South Africa

OP-ED

Trophy Hunting, Part One: The nasty colonial sport of shooting wild animals

Trophy Hunting, Part One: The nasty colonial sport of shooting wild animals
A male white lion, part of a rare white lion pack, in the wild in South Africa. (PHOTO: EPA/LIESL EICHENBERGER)

Trophy hunting has historically been the preserve of colonial, white males. The only thing that has really changed is that the white males are no longer colonials, but come from all over the world to hunt Africa’s wild animals. Their weapons are high-powered, precise, and often a product of developments in military technology. Part one of a two-part series.

The squirrel that you kill in jest, dies in earnest. – Henry David Thoreau

It’s time to take stock of trophy hunting. For most of our existence as Homo sapiens, we have been hunters as well as gatherers. Trophy hunting, however, is something else entirely.
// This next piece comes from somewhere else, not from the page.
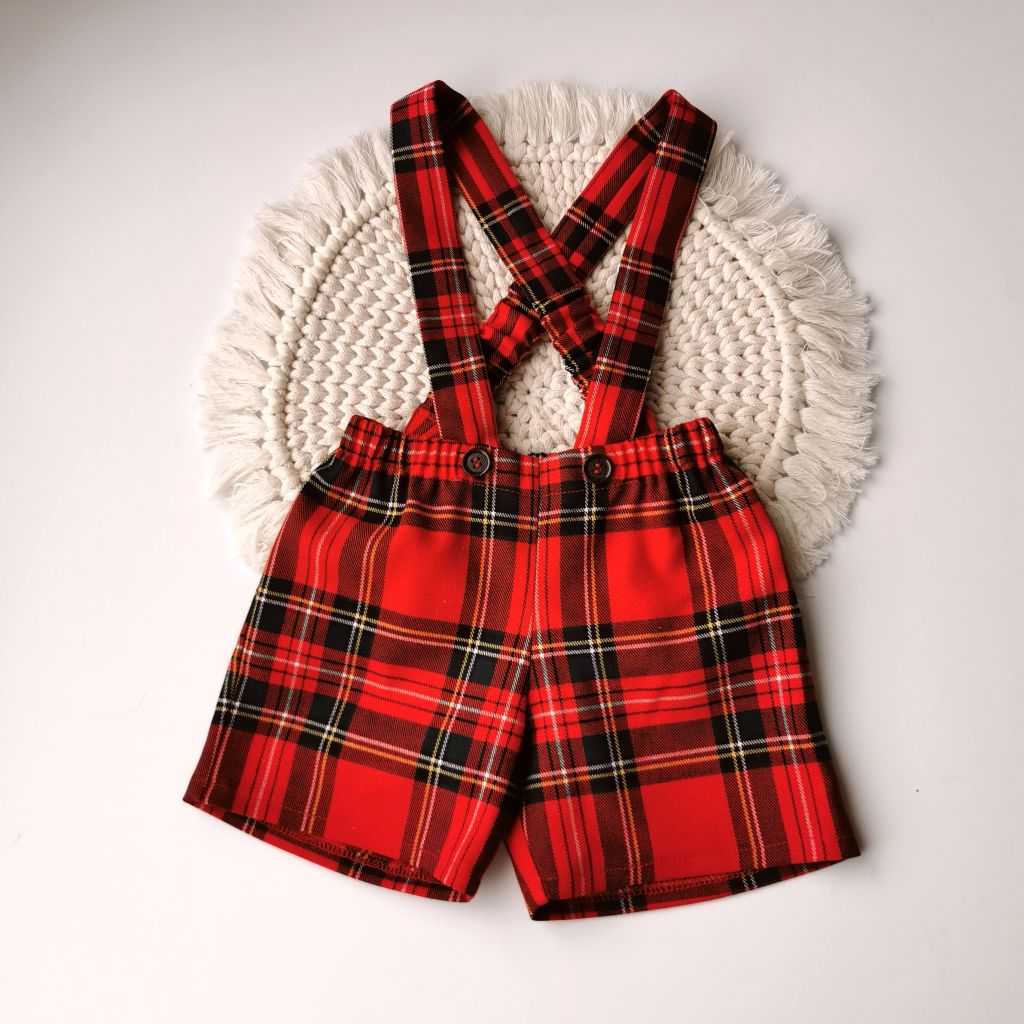 Spodenki w kratkę na szelkach idealne na sesje świąteczne.
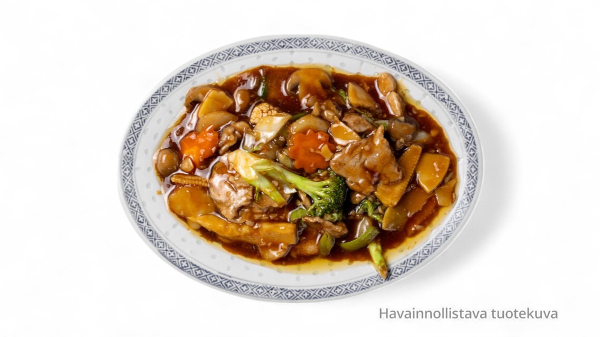 Naudanlihaa ja kasviksia makea-soijakastikkeella. Mukaan riisi

It’s not rooted in our deep, instinctive past, as hunters will often claim, but in the relatively recent conquest of foreign lands and the invention of devices that hurl projectiles from a safe distance.
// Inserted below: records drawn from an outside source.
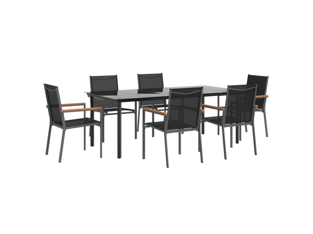 vidaXL 7-dielna záhradná jedálenská súprava čierna textilén a oceľ
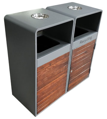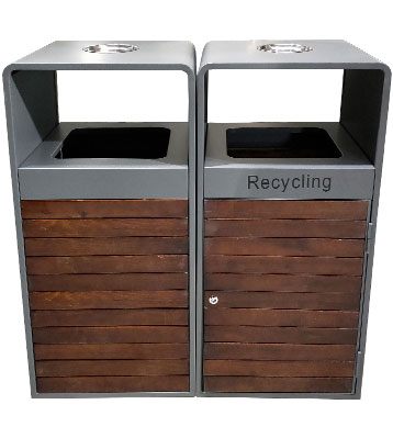欣方圳戶外鋼木分類果皮箱批量生產圖
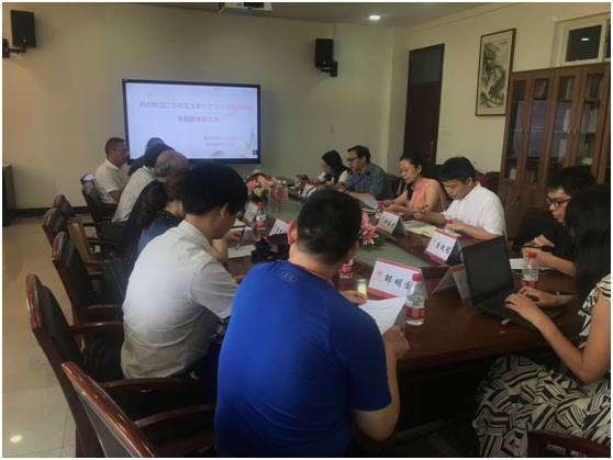 2019年8月12日下午,江苏师范大学历史文化与旅游学院院长张文德教授,国务院侨办侨务理论研究江苏基地常务副主任、教育部国别和区域研究中心(备案)澳大利亚研究中心主任、江苏师范大学华侨华人研究中心主任张秋生教授等一行8人来我校调研交流。在德赢官网213会议室,德赢ac米兰官方合作vwin研究生院院长刘玉侠教授、学生处副处长包含丽、德赢官网副院长郑春生教授和历史教研室张洁、唐运冠等老师热情接待了他们。双方围绕历史专业建设、人才培养和华人华侨研究等方面进行了深入交流。
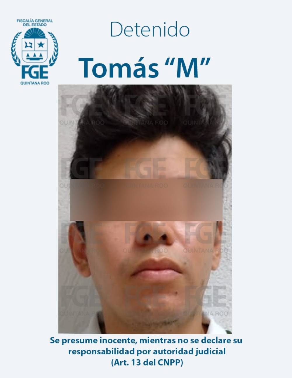 Puerto Morelos, Quintana Roo. La Fiscalía General del Estado, informa que fue cumplimentada la orden de aprehensión en contra de Tomás “M”, por su probable participación en el delito de violación en agravio de una víctima de identidad reservada.
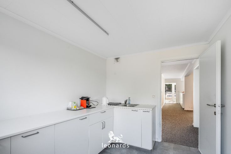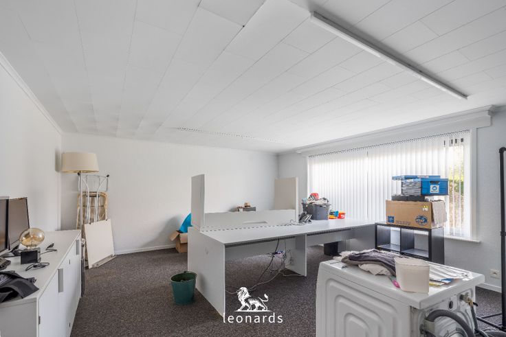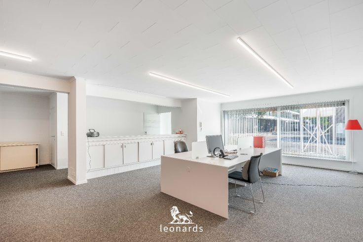 Het handelspand beschikt over een open (bureau)ruimte van 130m², die momenteel wordt gebruikt als kantoor, maar eenvoudig kan worden aangepast naar uw specifieke noden. De ruimte is praktisch ingericht met een aparte keuken, toilet, kelder, en een achterruimte die toegang geeft tot een aangename tuin. Daarnaast is er een ruime oprit met plaats voor vier voertuigen, wat zorgt voor gemakkelijk parkeren voor zowel u als uw klanten.
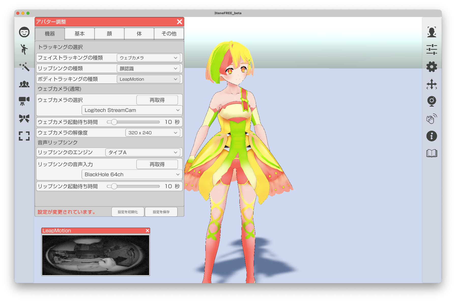 「3tene」で「LeepMotion」を使う。
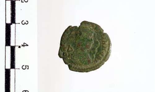 Busto drappeggiato e corazzato di Costanzo Gallo a d. con testa nuda; dietro, lettera delta

Sport” hunting is driven, neither by the need for food nor for conservation in a time of the planetary biological collapse, but by money and the desire to hang a reconstructed “conquest” on the wall or walk on its flayed skin in the hallway.

If the membership of hunt clubs is anything to go by, the strange and almost erotic act of pulling the trigger on a beautiful wild animal and watching it thrash out its last breaths in agony is a pastime shared by relatively few, mainly white men.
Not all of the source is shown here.